少し照れながらそういうレイフに、ウィルは気付いていながらわざと少し気取って言う。

「それは俺に早く会いたくてって解釈していいんですか?」

「……ああ」

「うん、……嬉しいです」

ウィルはそういってレイフの首に顔をうずめた。レイフもそれを幸せそうな表情で受け入れる。

「それよりウィル、今日のプレゼン、参加者からも好評だったぞ。みんなに声をかけられたよ。お前の元部下は凄いなって。だから自慢しておいた。まあ、…元部下って言い方は少し傷ついたけどな」

 そういいながら二人でなだれ込むようにソファに腰を落とした。ウィルはレイフにべったりと抱きついている。レイフはわかっていた。ウィルの密着度と一日の精神的ストレスが比例していることを。今日はきっと、プレゼンで気を張っていたからその無意識のストレスが彼をこうさせているのだろう。最も、HQに所属した後はその前よりずっと抱きついてくる時間は増えたが。

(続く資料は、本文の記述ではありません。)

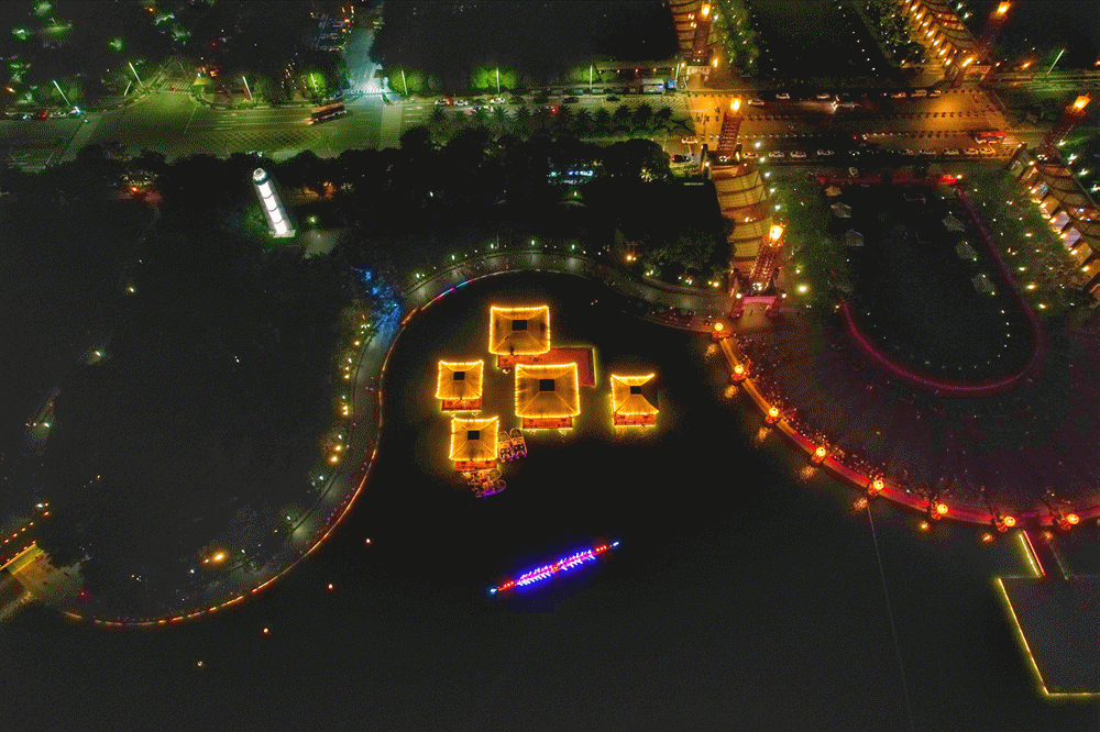 夜光龙狮闹灯湖。(穿行者、宋兹檀 摄)
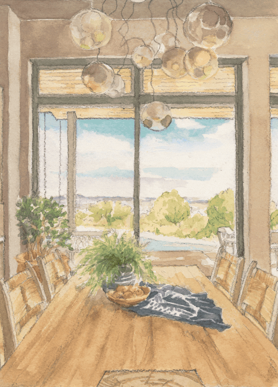 Inspired by the way natural materials and structure shape experience, this Wabi-Sabi–inspired residence reinterprets a Japanese-influenced Craftsman ethos for a contemporary New Mexico setting. Rooted in a Monozukuri sensibility, the home embraces beauty grounded in material integrity and the act of making, with honest finishes and intentional simplicity creating interiors that feel calm, tactile, and inherently livable. Designed for owners who love to cook and gather, the kitchen serves as the heart of the home, anchored by custom dark-stained cabinetry with pronounced cathedral grain, porcelain countertops, and softly textured limewash walls that diffuse the desert light. Throughout, handcrafted elements—including custom millwork, wood doors, and artisan-made furnishings—reinforce a sense of quiet craftsmanship, while sculptural lighting, framed views, and intimate seating moments create a home that feels both refined and effortlessly lived-in.
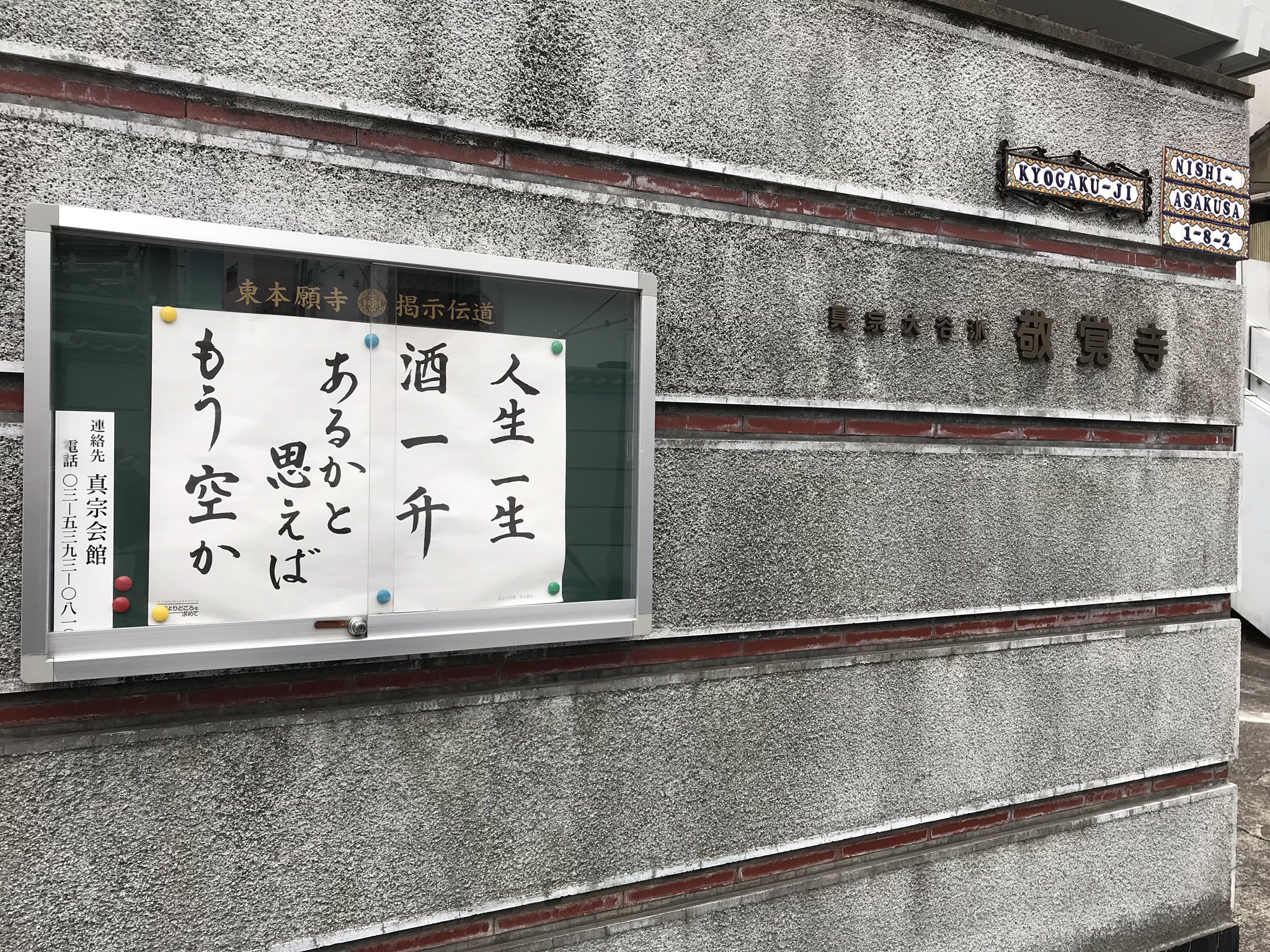 浅草をうろうろしていたら、敬覚寺の掲示板に「人生一生 酒一升 あるかと思えば もう空か」という心に刺さる言葉が(泣)。 https://t.co/l7CQhhVeca
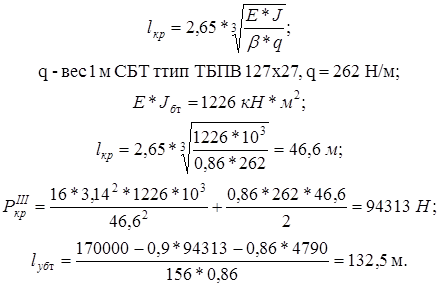 где q0 – вес 1 м СБТ диаметром 127 мм, q0 = 262 н/м;
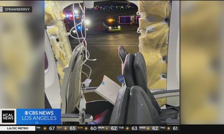 The Alaska Airlines Boeing 737 Max 9 returned to Portland 35 minutes into its flight to California after an outer section, including a window, fell.
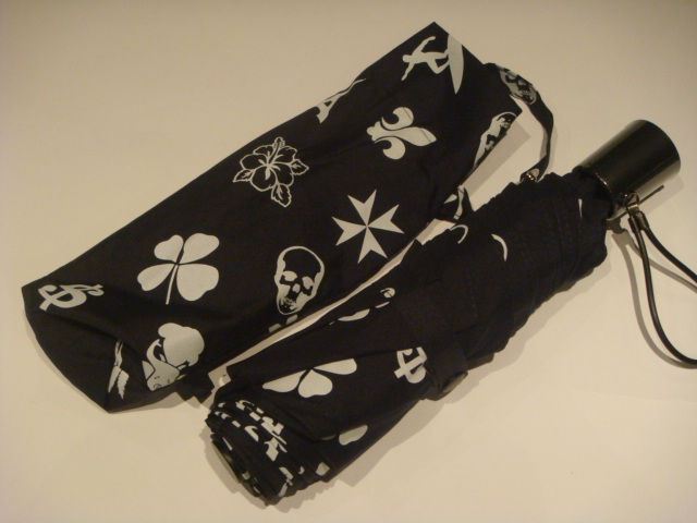 lucien pellat-finet のアイコンが全面にプリントされた、折りたたみ傘。
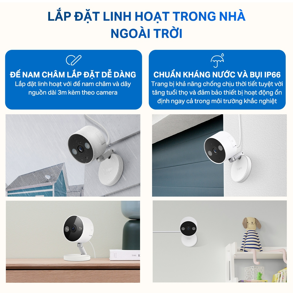- Độ phân giải 3MP (2K 2304 × 1296), hình ảnh chi tiết, sắc nét - Xoay ngang 360° & dọc 114° – bao quát toàn bộ không gian - Chuẩn chống nước & bụi IP66 – lắp đặt linh hoạt trong/ngoài trời - Hồng ngoại ban đêm tầm xa 30m, hỗ trợ nhìn rõ trong bóng tối - Phát hiện chuyển động & cảnh báo thông minh - Tích hợp đàm thoại 2 chiều qua micro & loa - Hỗ trợ ghi hình liên tục vào thẻ nhớ MicroSD tối đa 512GB - Kết nối Wi-Fi ổn định, dễ dàng cài đặt qua app Tapo - Tích hợp chế độ riêng tư khi cần tắt ghi hình - Tương thích trợ lý ảo Google Assistant & Amazon Alexa LƯU Ý KHI MUA HÀNG Cảm ơn quý khách đã quan tâm đến sản
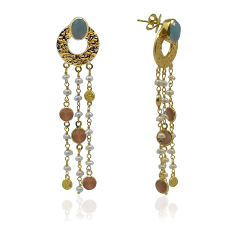 Серьги из серебра 925 пробы с кварцем, лунным камнем, апатитами и жемчугами
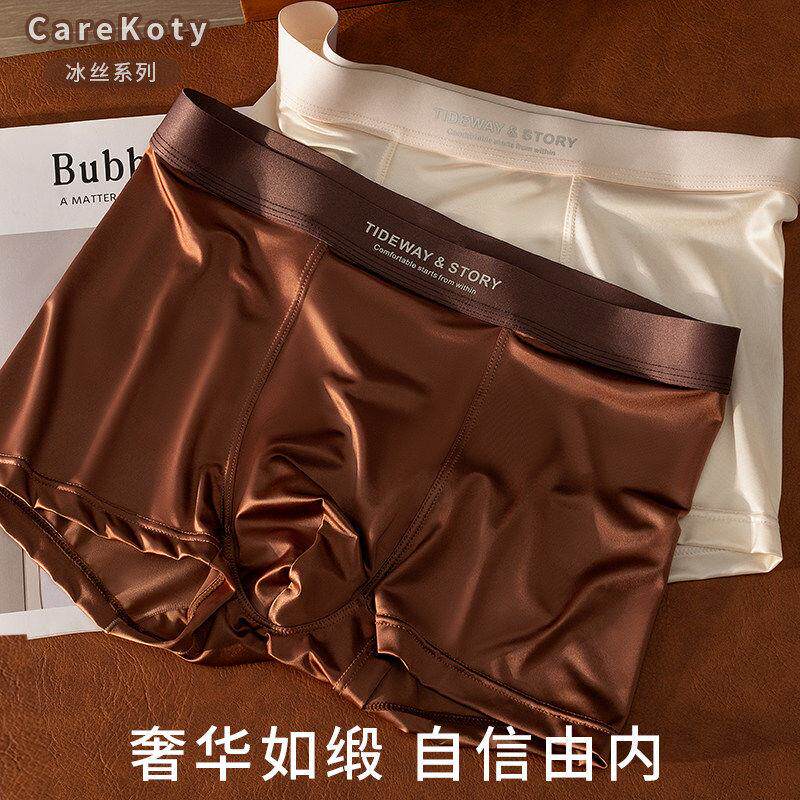 DGVV缎面男士内裤冰丝冰感轻奢简约美拉德夏薄透气男生中腰四角裤
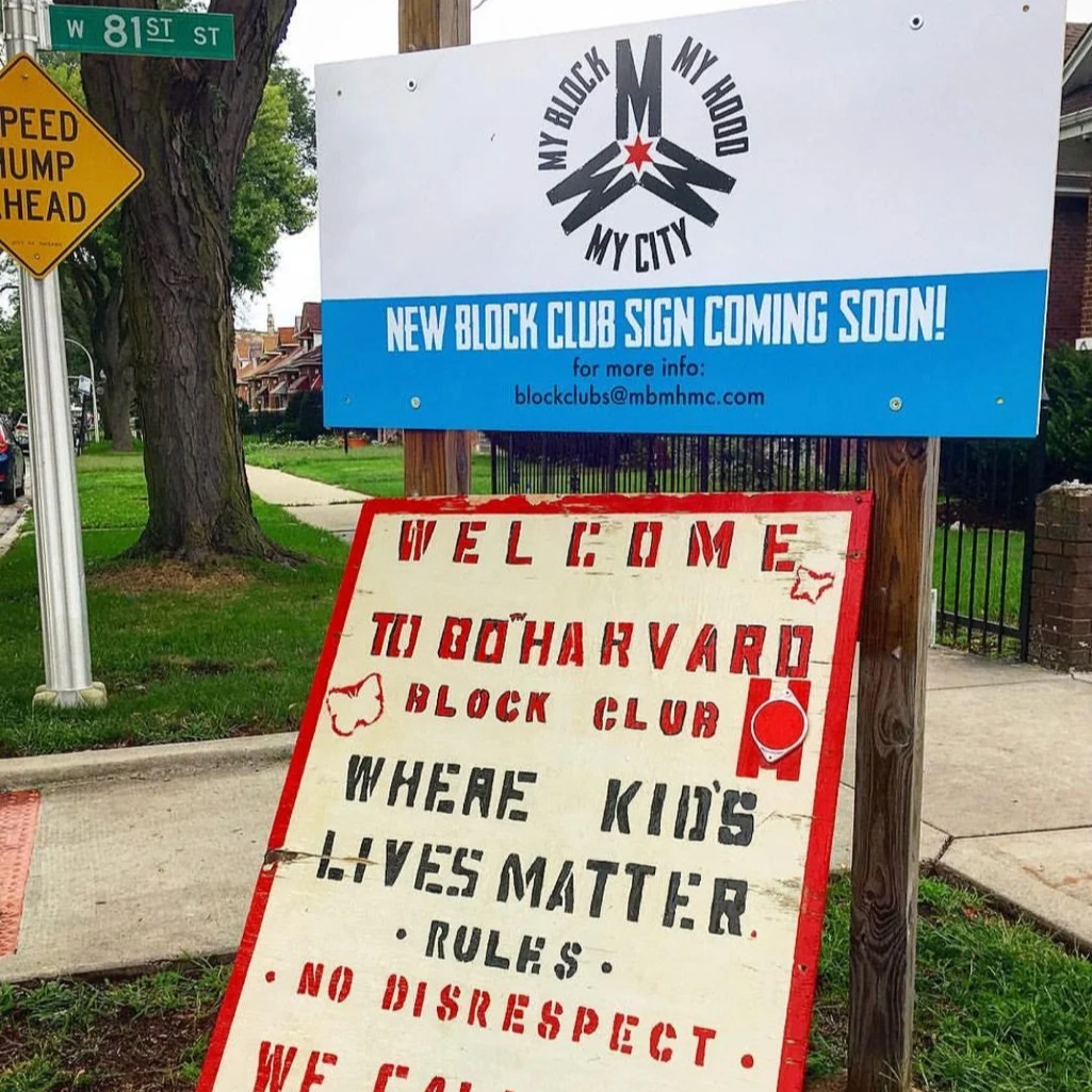 A brand new hand painted block club sign (below) that displays your block’s values.

「そうですね……でも、事実です。いまはあなたの部下じゃない、恋人だ」

「そういうことじゃなくて……」

「わかってますよ。俺のいまの上司はアリシアさんだ。あなたじゃない。まあ、あなたの部下だったって知れていたのは少し驚きですが……」

 そういいながらウィルは上着を脱いだ。そしてネクタイを緩める。そんな仕草のひとつひとつが艶やかに見えてレイフの胸が高鳴った。部隊にいた頃は年に二、三回しか着なかったスーツも、いまじゃ見慣れたほどだ。だが自分の生活に馴染みのなかったものだからやはり、その格好に惹かれる要素はあるのだろう。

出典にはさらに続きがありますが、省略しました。